* **What you will do**: Omit all images, then repeat exactly the lines below from the one containing "进入node.js官网,点击" through the one containing "Patung perunggu terbesar", both ends included.

* **Material for this exercise**:
=== Begin Enclosure ===

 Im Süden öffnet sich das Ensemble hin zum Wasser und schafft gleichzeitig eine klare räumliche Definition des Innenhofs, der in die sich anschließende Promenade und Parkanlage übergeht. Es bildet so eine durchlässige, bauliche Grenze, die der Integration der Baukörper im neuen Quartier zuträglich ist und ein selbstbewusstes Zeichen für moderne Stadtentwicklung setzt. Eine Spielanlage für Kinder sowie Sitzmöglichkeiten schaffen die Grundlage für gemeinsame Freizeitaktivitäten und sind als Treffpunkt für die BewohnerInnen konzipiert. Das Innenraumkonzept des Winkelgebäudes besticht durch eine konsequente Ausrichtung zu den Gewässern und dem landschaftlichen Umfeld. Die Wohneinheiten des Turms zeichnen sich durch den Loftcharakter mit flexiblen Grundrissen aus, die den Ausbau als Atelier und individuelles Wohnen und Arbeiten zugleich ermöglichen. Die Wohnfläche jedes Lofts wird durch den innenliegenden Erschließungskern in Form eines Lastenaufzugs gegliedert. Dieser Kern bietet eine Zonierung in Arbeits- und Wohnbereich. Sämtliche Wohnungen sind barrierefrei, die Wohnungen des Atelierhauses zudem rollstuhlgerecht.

=== End Enclosure ===
=== Begin Enclosure ===

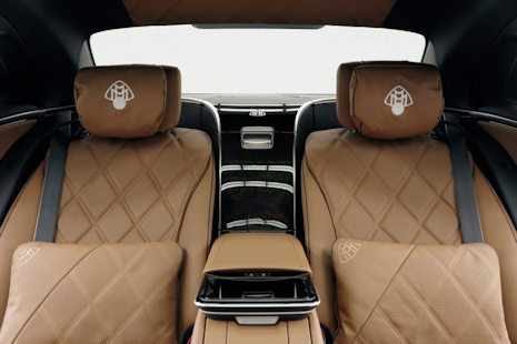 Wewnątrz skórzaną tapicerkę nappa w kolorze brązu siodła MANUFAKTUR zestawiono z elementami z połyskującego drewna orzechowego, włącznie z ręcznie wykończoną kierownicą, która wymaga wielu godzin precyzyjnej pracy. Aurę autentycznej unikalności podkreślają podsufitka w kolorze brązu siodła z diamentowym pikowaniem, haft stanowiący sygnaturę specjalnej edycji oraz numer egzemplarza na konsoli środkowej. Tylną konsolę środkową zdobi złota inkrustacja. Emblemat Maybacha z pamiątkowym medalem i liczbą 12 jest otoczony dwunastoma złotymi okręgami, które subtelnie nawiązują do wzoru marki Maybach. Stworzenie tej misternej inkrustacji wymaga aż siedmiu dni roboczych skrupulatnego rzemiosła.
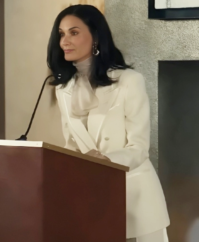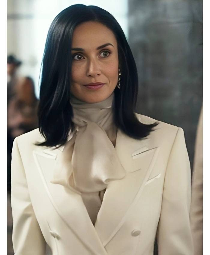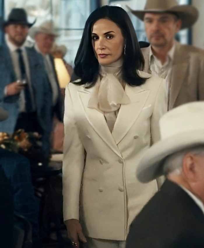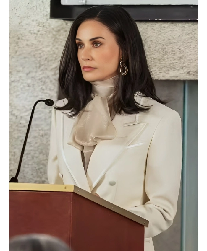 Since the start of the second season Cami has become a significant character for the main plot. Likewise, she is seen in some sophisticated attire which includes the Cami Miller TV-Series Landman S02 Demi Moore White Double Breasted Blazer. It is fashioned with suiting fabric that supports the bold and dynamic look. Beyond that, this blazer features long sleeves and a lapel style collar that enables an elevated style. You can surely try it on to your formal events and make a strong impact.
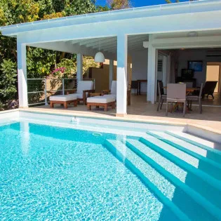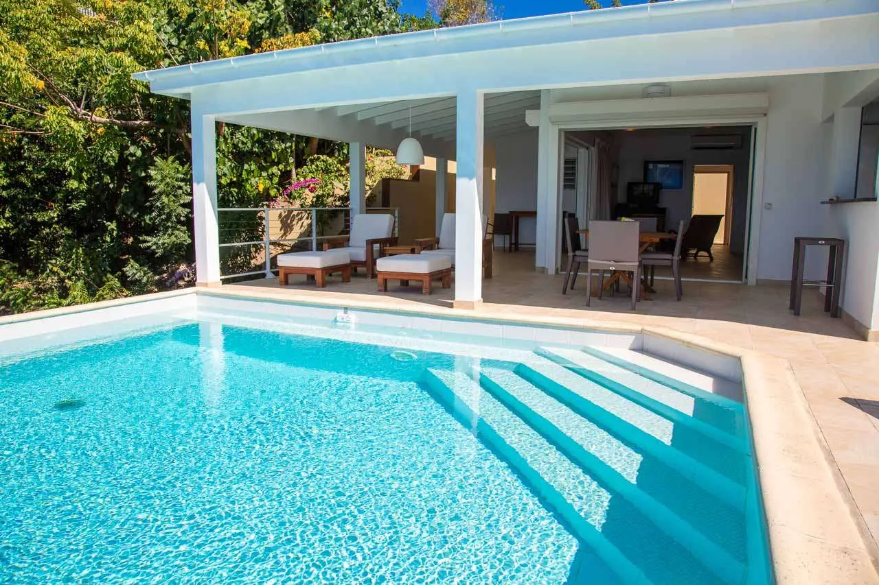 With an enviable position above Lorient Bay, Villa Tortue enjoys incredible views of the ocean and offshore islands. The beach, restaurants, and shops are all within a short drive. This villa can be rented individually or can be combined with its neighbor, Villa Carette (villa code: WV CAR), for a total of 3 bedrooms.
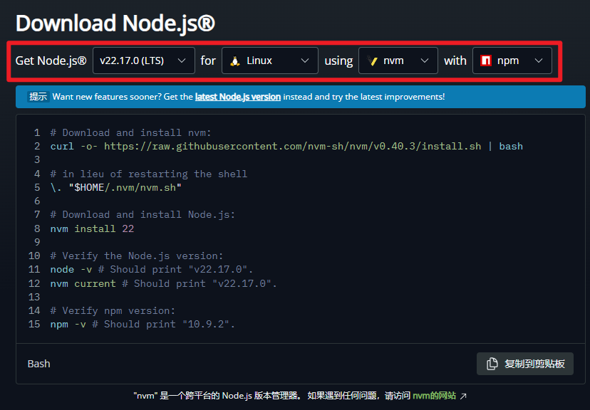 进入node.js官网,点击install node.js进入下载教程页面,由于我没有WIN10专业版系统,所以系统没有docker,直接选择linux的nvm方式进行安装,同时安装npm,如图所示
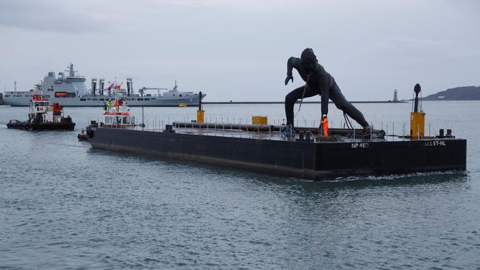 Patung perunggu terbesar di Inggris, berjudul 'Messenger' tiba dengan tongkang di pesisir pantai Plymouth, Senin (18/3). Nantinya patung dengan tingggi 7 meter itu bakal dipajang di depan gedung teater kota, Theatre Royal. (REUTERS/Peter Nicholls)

=== End Enclosure ===
=== Begin Enclosure ===

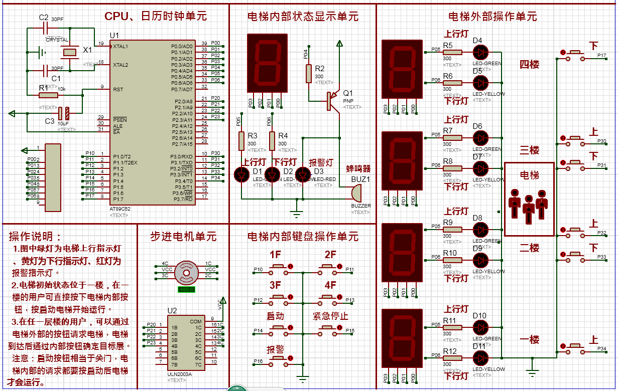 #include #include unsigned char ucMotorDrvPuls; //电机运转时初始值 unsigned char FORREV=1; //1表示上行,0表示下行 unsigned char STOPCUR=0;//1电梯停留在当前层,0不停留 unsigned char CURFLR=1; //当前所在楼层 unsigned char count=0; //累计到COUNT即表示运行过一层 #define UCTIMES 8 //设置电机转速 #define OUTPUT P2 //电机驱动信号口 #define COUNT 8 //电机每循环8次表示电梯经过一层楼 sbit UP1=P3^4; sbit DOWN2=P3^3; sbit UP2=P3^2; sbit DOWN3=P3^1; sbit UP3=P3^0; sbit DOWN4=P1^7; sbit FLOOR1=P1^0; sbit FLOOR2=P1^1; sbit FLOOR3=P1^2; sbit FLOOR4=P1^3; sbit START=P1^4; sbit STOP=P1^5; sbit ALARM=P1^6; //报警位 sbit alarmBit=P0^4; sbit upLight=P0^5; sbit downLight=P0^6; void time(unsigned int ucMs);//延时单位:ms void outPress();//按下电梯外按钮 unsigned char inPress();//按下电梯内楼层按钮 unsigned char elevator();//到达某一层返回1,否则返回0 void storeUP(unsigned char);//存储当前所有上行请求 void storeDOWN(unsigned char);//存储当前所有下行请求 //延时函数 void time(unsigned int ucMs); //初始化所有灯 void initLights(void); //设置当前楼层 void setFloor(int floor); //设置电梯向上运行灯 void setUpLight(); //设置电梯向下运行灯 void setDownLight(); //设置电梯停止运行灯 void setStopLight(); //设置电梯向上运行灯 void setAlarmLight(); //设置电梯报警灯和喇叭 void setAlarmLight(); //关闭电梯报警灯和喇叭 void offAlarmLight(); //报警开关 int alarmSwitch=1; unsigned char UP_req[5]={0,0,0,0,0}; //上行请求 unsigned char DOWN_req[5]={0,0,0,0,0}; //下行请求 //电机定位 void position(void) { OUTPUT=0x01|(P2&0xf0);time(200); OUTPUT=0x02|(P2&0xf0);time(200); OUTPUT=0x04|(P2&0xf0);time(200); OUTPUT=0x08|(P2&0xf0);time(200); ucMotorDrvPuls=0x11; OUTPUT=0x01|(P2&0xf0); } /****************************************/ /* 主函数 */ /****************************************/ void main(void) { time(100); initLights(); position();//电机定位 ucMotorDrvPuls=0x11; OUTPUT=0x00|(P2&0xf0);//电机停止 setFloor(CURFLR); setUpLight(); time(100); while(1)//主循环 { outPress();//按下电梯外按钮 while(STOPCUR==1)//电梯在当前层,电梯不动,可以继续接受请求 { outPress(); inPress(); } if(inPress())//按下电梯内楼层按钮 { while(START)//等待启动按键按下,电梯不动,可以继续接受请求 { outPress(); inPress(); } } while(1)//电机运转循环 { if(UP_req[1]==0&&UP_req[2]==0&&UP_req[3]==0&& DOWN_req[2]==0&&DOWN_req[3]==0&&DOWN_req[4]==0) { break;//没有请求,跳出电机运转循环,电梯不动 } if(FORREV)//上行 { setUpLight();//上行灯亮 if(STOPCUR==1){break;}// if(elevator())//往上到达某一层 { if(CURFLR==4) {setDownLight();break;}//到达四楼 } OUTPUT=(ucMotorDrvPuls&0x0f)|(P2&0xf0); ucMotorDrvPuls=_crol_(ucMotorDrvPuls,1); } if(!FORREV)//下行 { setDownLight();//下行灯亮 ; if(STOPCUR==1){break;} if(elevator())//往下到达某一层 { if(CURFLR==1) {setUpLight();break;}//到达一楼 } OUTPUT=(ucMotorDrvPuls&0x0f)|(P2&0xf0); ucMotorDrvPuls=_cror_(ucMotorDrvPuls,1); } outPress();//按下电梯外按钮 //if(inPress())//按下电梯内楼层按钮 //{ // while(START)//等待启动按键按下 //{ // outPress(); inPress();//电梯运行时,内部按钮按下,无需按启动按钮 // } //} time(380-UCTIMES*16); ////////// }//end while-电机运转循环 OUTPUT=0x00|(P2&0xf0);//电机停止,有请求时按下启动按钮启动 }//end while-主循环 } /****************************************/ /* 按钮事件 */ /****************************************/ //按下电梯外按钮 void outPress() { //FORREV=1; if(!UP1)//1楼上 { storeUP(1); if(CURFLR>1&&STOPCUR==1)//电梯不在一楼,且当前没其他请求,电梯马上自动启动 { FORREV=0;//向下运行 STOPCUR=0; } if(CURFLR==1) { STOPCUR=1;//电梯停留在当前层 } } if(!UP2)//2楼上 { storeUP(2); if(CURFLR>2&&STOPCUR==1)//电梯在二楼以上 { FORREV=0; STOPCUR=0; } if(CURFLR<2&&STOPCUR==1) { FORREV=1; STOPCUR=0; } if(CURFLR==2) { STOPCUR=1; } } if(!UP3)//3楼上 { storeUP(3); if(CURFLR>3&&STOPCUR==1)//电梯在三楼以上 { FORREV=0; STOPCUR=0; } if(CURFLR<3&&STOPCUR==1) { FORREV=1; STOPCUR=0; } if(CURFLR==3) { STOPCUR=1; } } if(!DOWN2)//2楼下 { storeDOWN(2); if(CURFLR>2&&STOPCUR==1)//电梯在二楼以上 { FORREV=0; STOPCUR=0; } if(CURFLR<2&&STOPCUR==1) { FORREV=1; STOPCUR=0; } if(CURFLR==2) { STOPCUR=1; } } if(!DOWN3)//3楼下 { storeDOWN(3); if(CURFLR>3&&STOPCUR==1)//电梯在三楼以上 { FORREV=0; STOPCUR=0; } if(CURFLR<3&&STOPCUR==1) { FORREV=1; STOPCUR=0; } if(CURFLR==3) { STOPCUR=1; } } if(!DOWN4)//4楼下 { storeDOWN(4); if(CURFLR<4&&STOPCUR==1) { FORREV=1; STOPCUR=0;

=== End Enclosure ===

* **Solution for this task**:
 进入node.js官网,点击install node.js进入下载教程页面,由于我没有WIN10专业版系统,所以系统没有docker,直接选择linux的nvm方式进行安装,同时安装npm,如图所示
 Patung perunggu terbesar di Inggris, berjudul 'Messenger' tiba dengan tongkang di pesisir pantai Plymouth, Senin (18/3). Nantinya patung dengan tingggi 7 meter itu bakal dipajang di depan gedung teater kota, Theatre Royal. (REUTERS/Peter Nicholls)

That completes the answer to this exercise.